Makes perfect sense to me. The connection between the simple lives Trappist monks lead and simplicity of their beer recipes was apparent when I did the research for Brew Like a Monk.

Their beers – noted for their complexity – are Exhibit A that “Less is more.”

Simple is good. Simple is often the best choice. But, for the record, it isn’t the only choice.

European brewers are sometimes appalled when they look at the grain (and hop) bills of new wave American beers or – yikes! – efforts to duplicate continental classics. I’ve had interesting discussions about this with both commercial and home brewers (here’s one with Jamil Zainasheff) about this and even those who favor simple sometimes find something with more moving parts turns out better.

I’m don’t contend that complicated automatically results in complex, but I disagree with Pattinson when he writes: “A lot of microbrewed beer now seems frivolous to me. Like pretentious nouvelle cuisine. Too complicated for its own good.” And his conclusion: “Take a look at the beer in your glass. What is it? Honest, or a wee bit pretentious?”

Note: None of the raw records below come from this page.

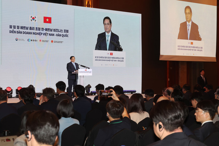 Vietnamese Prime Minister Pham Minh Chinh delivers a speech during the South Korea-Vietnam Business Forum in Seoul on July 1, 2024. (Yonhap)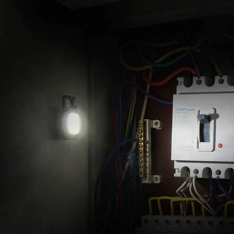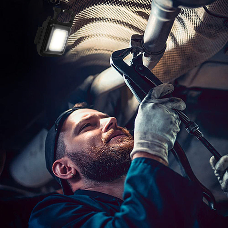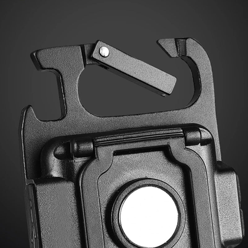 Illuminate your surroundings with this powerful keychain flashlight emitting up to 800 lumens of light. Featuring a large COB Technical LED, it functions as a compact work light and emergency light with a wide-angle flood beam. With three modes (high, low, strobe), it caters to diverse needs, and the USB rechargeable battery ensures convenience. The compact design includes a carabiner for easy attachment to key rings or bags, making it water and impact-resistant, and it even doubles as a handy bottle opener.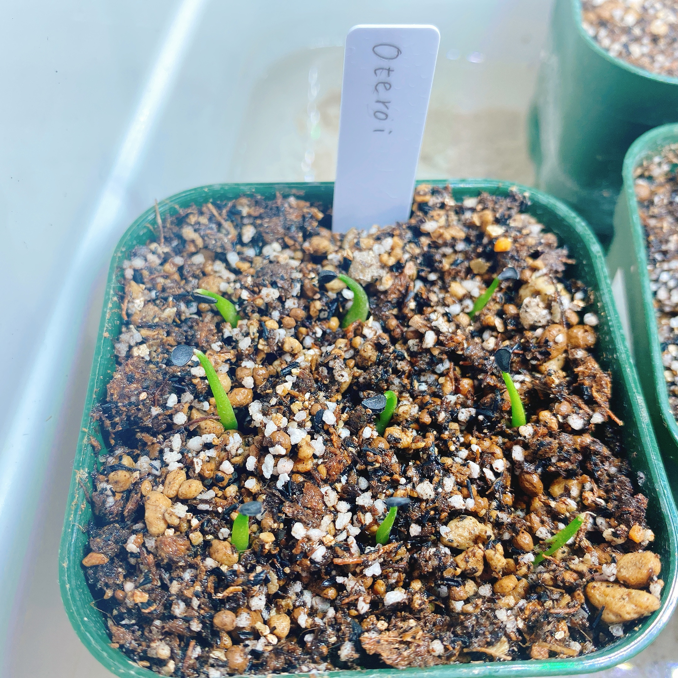 播種前にトップジンM(1000倍)、メネデール(100倍)液に12時間浸してます。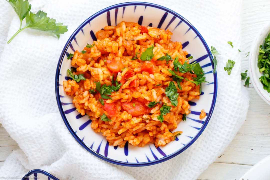 - 8. Nach Belieben noch gewaschene und klein geschnittene frische Petersilie oder Koriander dazu reichen. Dein griechischer Tomatenreis passt aus Beilage zu Fleisch und Fisch oder als Hauptspeise mit Salat.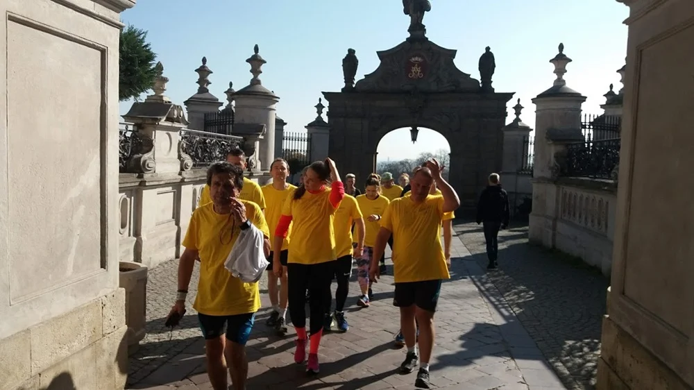 Przez całą drogę biegaczy wspierał jadący na rowerze Dawid Roger – który przejechał 95% całej drogi. Wspólnie grupa pokonała ostatni podbieg pod Jasną Górę ul. Barbary.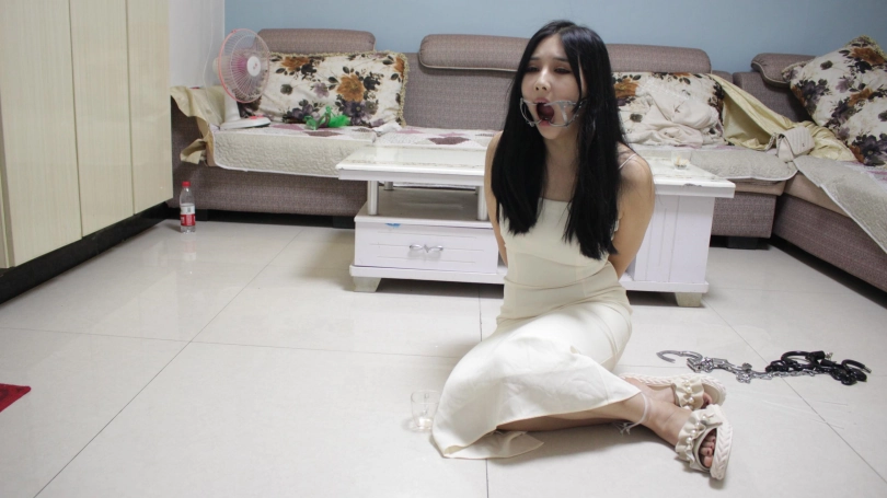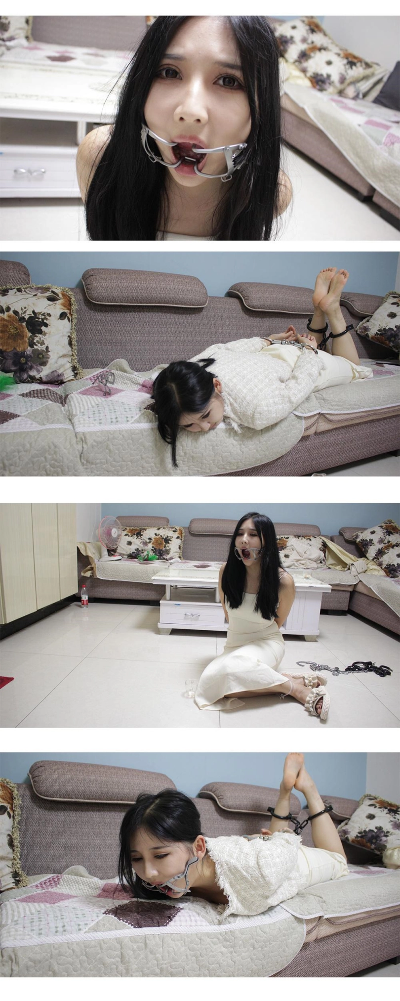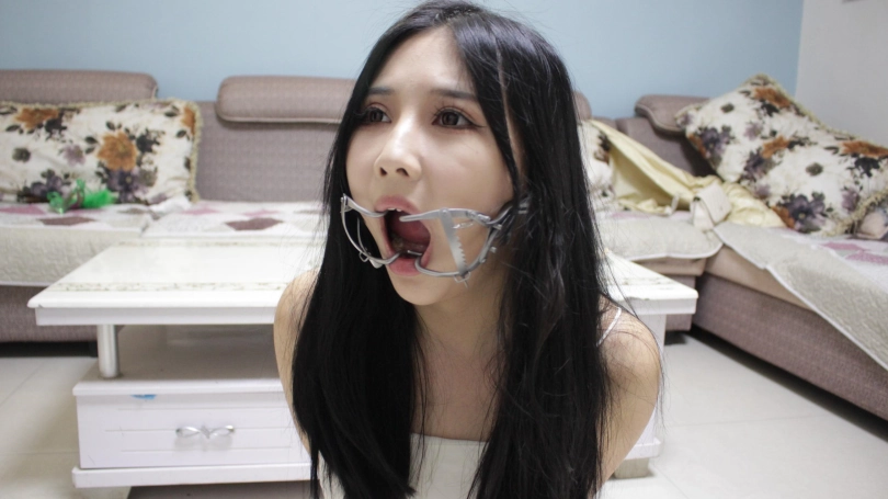 【子衿】小雅-镣铐驷马 扎带 开口器,开口器调到最大,模特最后谈感受说带上了嘴都动不了,只有任由口水不停的流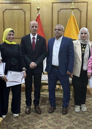 Декан факультета искусств Университета Бени-Суэйф чествует сотрудников колледжа, достигших пенсионного возраста.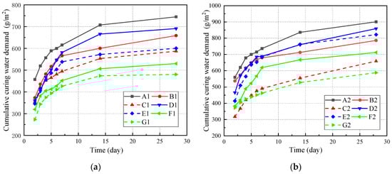 It can be seen from the comparison between Figure 3a,b that the water–binder ratio is increasing, and the specific cumulative curing water demand of cover concrete is also growing. At the curing age of 28 days, the cumulative curing water demand of A2 is 901 g/m2, which is 1.2 times that of A1. Compared with pure cement, the addition of the fly ash and GGBS can reduce the cumulative curing water demand of the composition cementing material system and with the increase of mineral admixtures dosage, the cumulative curing water demand decreases significantly. When only considering the influence of components in the cementing material system on water absorption without considering environmental factors, the range of cumulative curing water demand for pure cement, fly ash, GGBS and a mixed FA and GGBS cementing material system is 745 ~900 g/m2, 660~786 g/m2, 691~860 g/m2 and 530~712 g/m2, respectively. The influence of mineral admixtures on the total water demand is as follows: pure cement > GGBS > fly ash > mix FA and GGBS.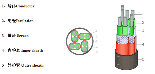 電纜結(jié)構(gòu)示意圖 Diagram of cable construction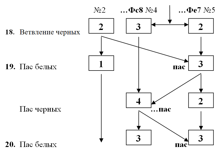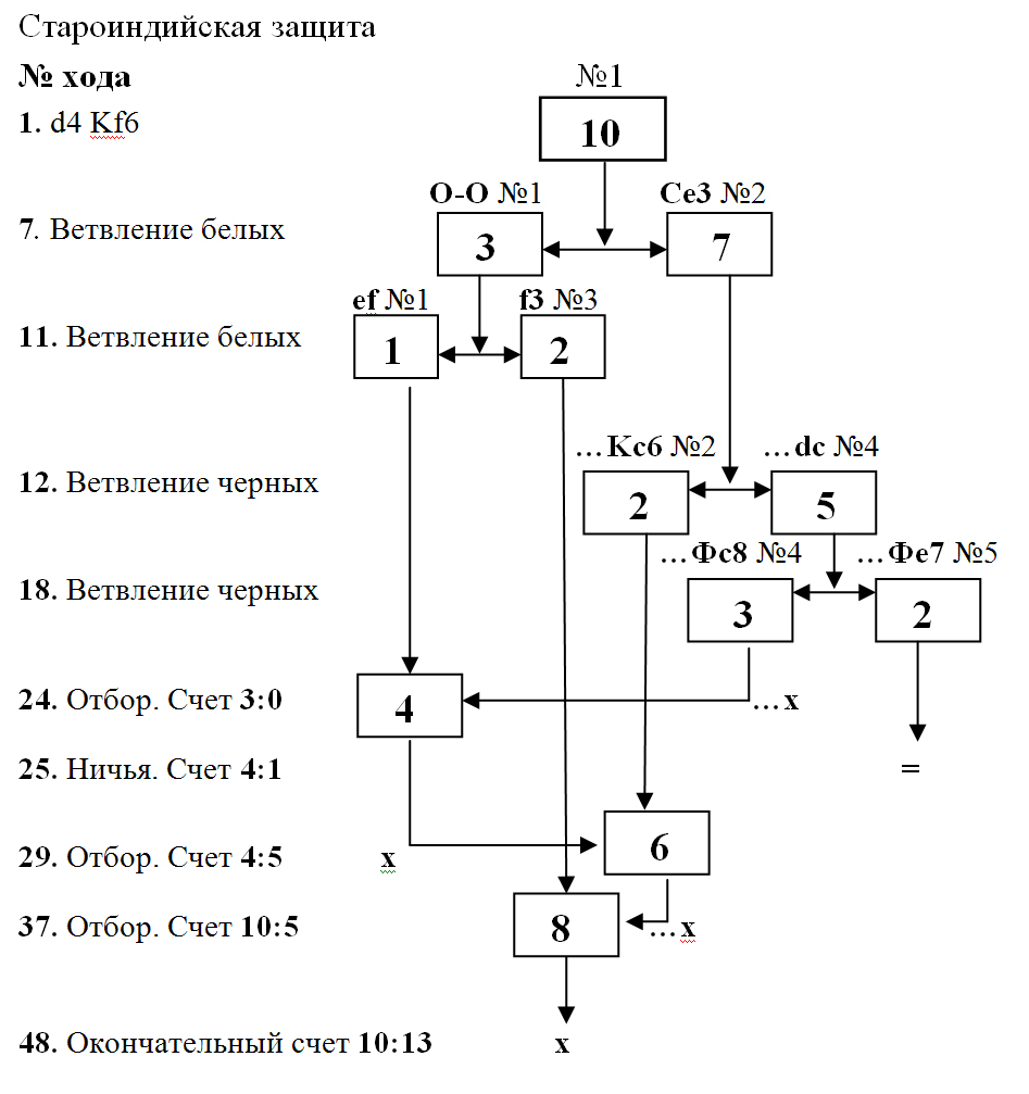 На Схеме № 4 показано увеличение числа ветвей (после 7 хода — две ветви, после 11 хода — три ветви, после 12 хода — четыре ветви, после 18 хода — пять ветвей). Затем в результате отборов и ничьей (соответственно на 24, 25, 29 и 37 ходе) число ветвей постепенно уменьшается. После 37 хода до конца игры остаётся только одна ветвь с рейтингом 8.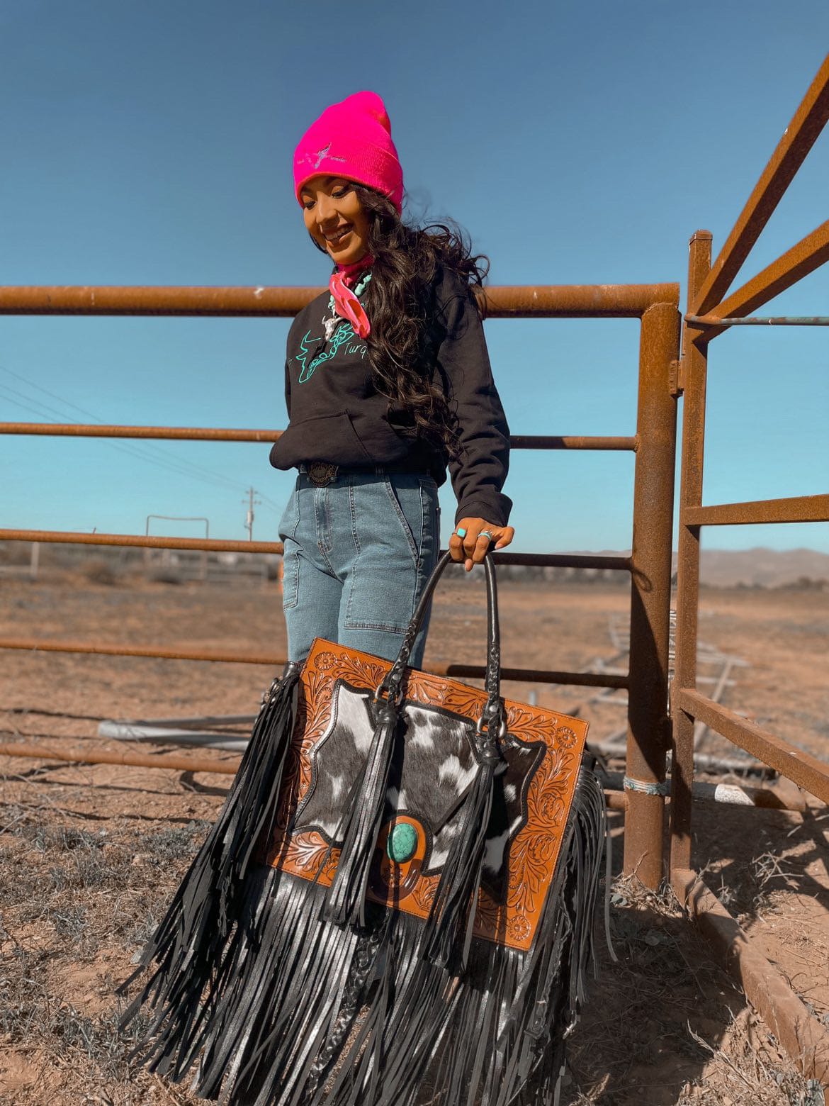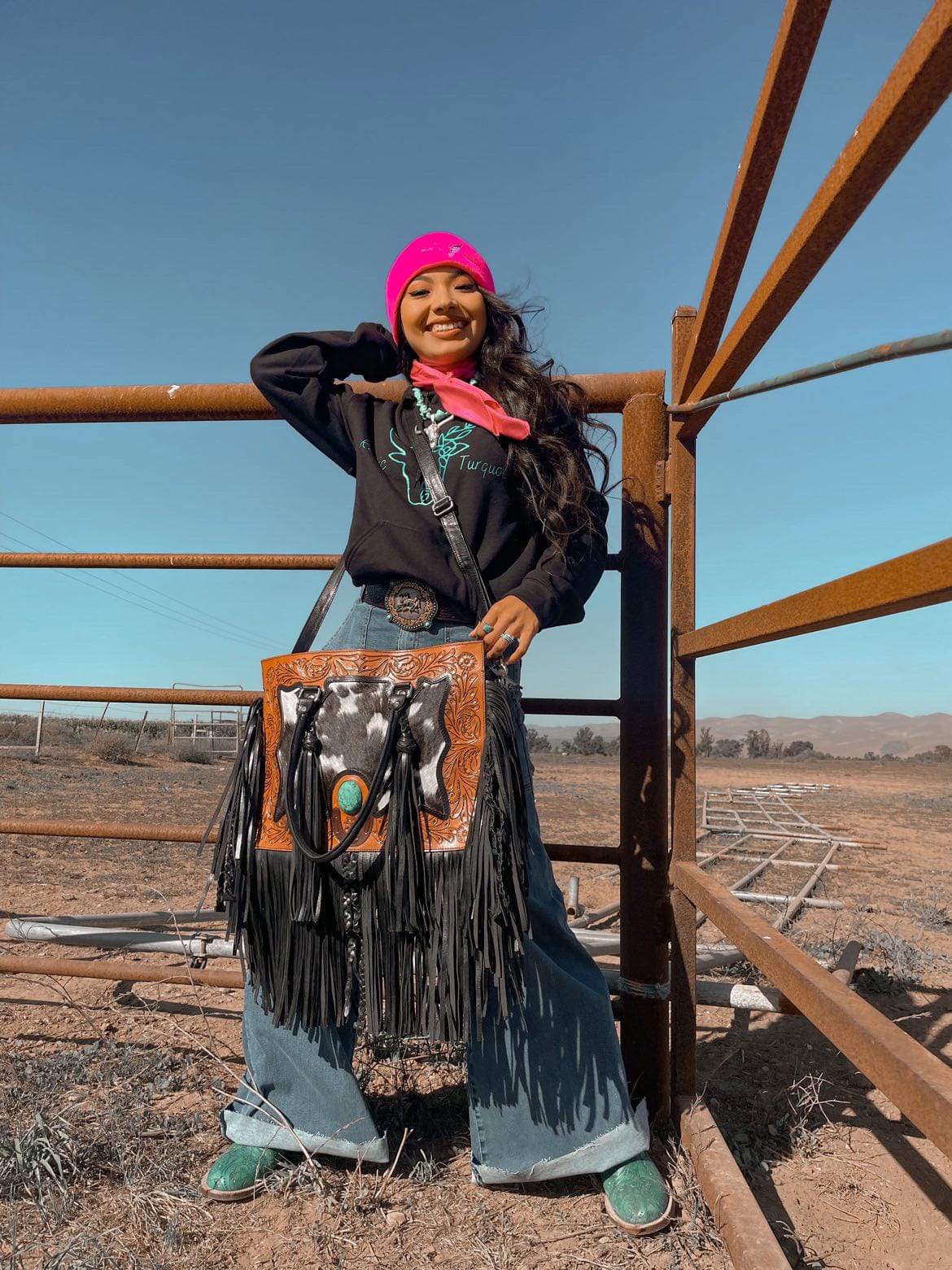 The Nashville Gunner boasts a sexy red velvet interior, a Concealed Carry Pocket in the rear accessible for left/right carry, huge storage capacity, both top handles and a shoulder strap, and a beautiful faux turquoise stone. The interior contains two cubby pockets and one zipper pocket. Please note our latest batch was made without the red velvet and was made with a brown velvet material. The photo does show the layout of interior, however the color will be different for the interior on this batch.  Made with genuine leather and cowhide. The Nashville Gunner is a head turning Gem!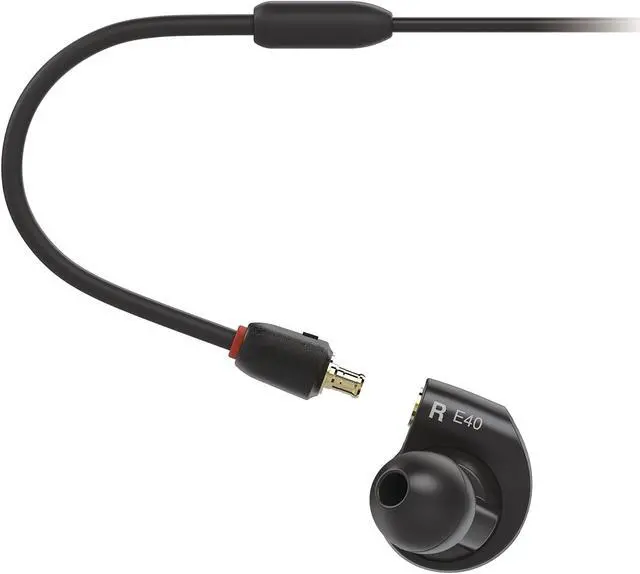 The ATH-E40 features specially designed housings that provide incredible isolation. The isolation is enhanced by the four sizes of included silicone eartips (XS/S/M/L), which allow you to create a custom fit. The headphones also come with a detachable 1.6 m ( 5.2 ') cable, with newly developed A2DC (Audio Designed Detachable Coaxial) connectors at the headphones and a 3.5 mm (1/8") stereo mini-plug output, and a carrying case.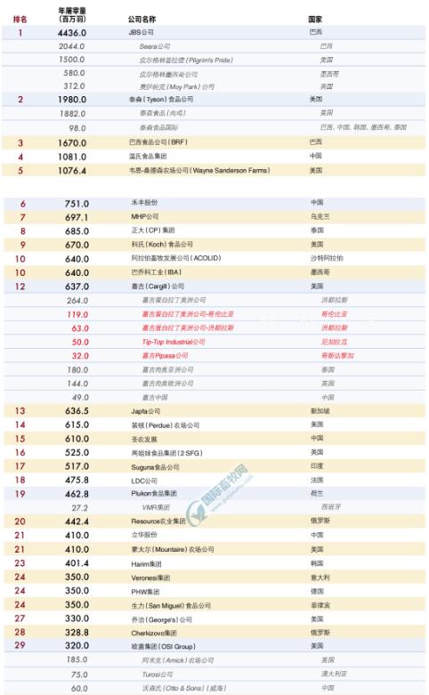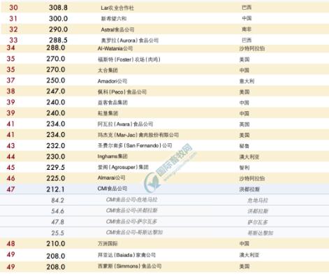 全球前50強(qiáng)肉雞生產(chǎn)商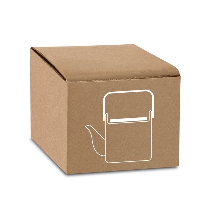 Bule em cerâmica com tampa e pega em bambu. Capacidade até 700 ml. Fornecido em caixa oferta de papel kraft.

Complicated is not a synonym for pretentious any more than simple is, well, simple.

Can you ‘nail’ a Belgian style?

Dan CareyIn all fairness to Todd Haefer – who writes a Beer Man column that appears in many newspapers part of the Gannett chain and already catches enough grief for some of his comments – he didn’t write the headline and the term didn’t appears in his copy, but here it is:

Beer Man: New Glarus nails the Belgian style

The headline made me giggle. Haefer is writing about New Glarus Belgian Quadruple, part of brewer Dan Carey’s “Unplugged” series. Quadruple is simply a word you don’t hear Belgian brewers use. It became a term of convenience – meaning dark and very strong, ala Westvleteren 12 or Rochefort 10 – after Koningshoeven began shipping LaTrapppe Quad to the United States in the mid-1990s. That Trappist monastery is located in The Netherlands.

So not only does the headline insinuate that any style is something so specific that it can be “nailed” but that a Belgian brewer or consumer would cotton to the idea.

Speaking of styles serves many good purposes, but testifying for the other side here is Carl Kins, a Belgian beer enthusiast who has judged several times for the Great American Beer Festival and World Beer Cup. “We Belgians do not like categorization that much. Whether it is strong blonde ale or abbey style is not very relevant, as long as the beer tastes good,” he said in the chapter called Matters of Style in Brew Like a Monk.

Last week Stephen Beaumont wrote about this beer and Enigma, another in the “Unplugged” series. Spend a little time with his descriptions and it becomes apparent that Carey is more focused on “nailing” a great beer than capturing, or recreating, a style.